8. Submit a New Hire Report

Under the federal Personal Responsibility and Work Opportunity Reconciliation Act (PWORA), Florida employers must report specific information on newly hired employees to the Florida Department of Revenue within 20 days of their hire or rehire date.

This report includes essential details such as the employee’s name, address, Social Security number, date of birth, and date of hire. Employers must also provide their federal employer identification number, Florida unemployment compensation number, contact information and indicate whether medical insurance will be offered. For this, you can use Form CS-EF315 or the “Florida New Hire Reporting Form” and submit it online or by mail.

9. Verify Employee Eligibility

New employees are required to complete Form I-9, “Employment Eligibility Verification,” by their first day of work. Employers must then complete Section 2 of the form within three business days after the employee begins working, retaining it for three years or one year after employment ends.

As of July 1, 2023, private employers with 25 or more employees in Florida are obligated to use E-Verify for new hires, electronically confirming their eligibility to work in the United States by cross-referencing information from I-9 forms with relevant government records. Employers may also consider using E-Verify, even if it is not mandated, to enhance the hiring process. This step ensures compliance with employment laws and contributes to a smooth hiring and onboarding experience. Speaking of onboarding, you can check out our complete Florida onboarding guide to learn expert strategies to integrate new hires to your growing team.

10. Prepare for your Payroll Tax Obligations

A new employee means new opportunities but also new payroll tax obligations. Understanding and fulfilling these payroll tax obligations is a crucial step in hiring in Florida.

Employers must withhold federal income tax, Social Security, and Medicare taxes from employees’ pay under the Federal Insurance Contributions Act (FICA). The tax rates for 2023 are 6.2 percent for Social Security and 1.45 percent for Medicare. Employers need to deposit these taxes on a schedule determined by the IRS, either monthly or weekly.

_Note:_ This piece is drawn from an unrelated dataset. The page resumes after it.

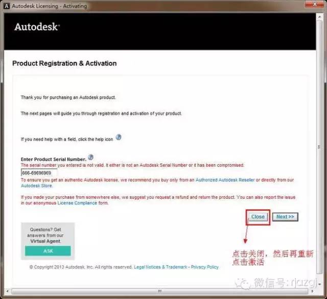 11、产品激活到这里,我们并没有看到我们安装之前版时的输入激活码界面 :这里有两种方法激活,一种是选择断网,另外一种就是本教程要讲的:点击关闭(close),然后返回到3dsmax2013 32位中文版激活界面,重新点击激活

Additionally, federal unemployment taxes (FUTA) must be paid if certain criteria are met. Being well-versed in these tax obligations ensures compliance with federal regulations, so make sure to check which taxes are applicable to your new hires.

11. Display Legally Required Labor Law Posters

In Florida, employers must prominently display both federal and state employment law posters to inform employees about their rights and responsibilities. Some of these posters include:

12. Streamline Hiring with Time Tracking Software

In the hectic process of hiring new employees, efficient time management is crucial. Consider implementing time tracking software to streamline scheduling, monitor task durations, and manage work hours effectively. This software aids in tracking schedules, ensuring fair compensation, and maintaining compliance with labor laws. It can be particularly beneficial in handling remote or flexible work arrangements. By adopting time tracking software, employers can enhance productivity, simplify payroll processes, and foster a transparent and accountable work environment.

Final Thoughts

The success and growth of any business are fundamentally linked to the individuals who make up its workforce. You want to hire the right people who not only fit the roles you’re offering but also align with your company’s values and culture. The hiring process isn’t easy, but the time you invest in crafting a comprehensive hiring strategy will definitely pay off in the long run. Consider it an investment for your company’s future success.

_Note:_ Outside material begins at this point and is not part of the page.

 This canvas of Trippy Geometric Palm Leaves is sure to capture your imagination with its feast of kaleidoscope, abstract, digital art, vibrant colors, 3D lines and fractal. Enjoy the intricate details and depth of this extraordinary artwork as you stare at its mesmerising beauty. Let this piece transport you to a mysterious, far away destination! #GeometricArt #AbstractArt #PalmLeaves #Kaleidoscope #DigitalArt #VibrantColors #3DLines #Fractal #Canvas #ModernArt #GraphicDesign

Each company is different, and some roles may require a more comprehensive approach to hiring than others. But by adhering to the guidelines outlined in this hiring guide, you’re sure to build a robust foundation for your hiring practices. Good luck!

Important Cautionary Note

When making this guide, we have tried to make it accurate, but we do not give any guarantee that the information provided is correct or up-to-date. We therefore strongly advise you to seek advice from qualified professionals before acting on any information provided in this guide. We do not accept any liability for any damages or risks incurred for the use of this guide.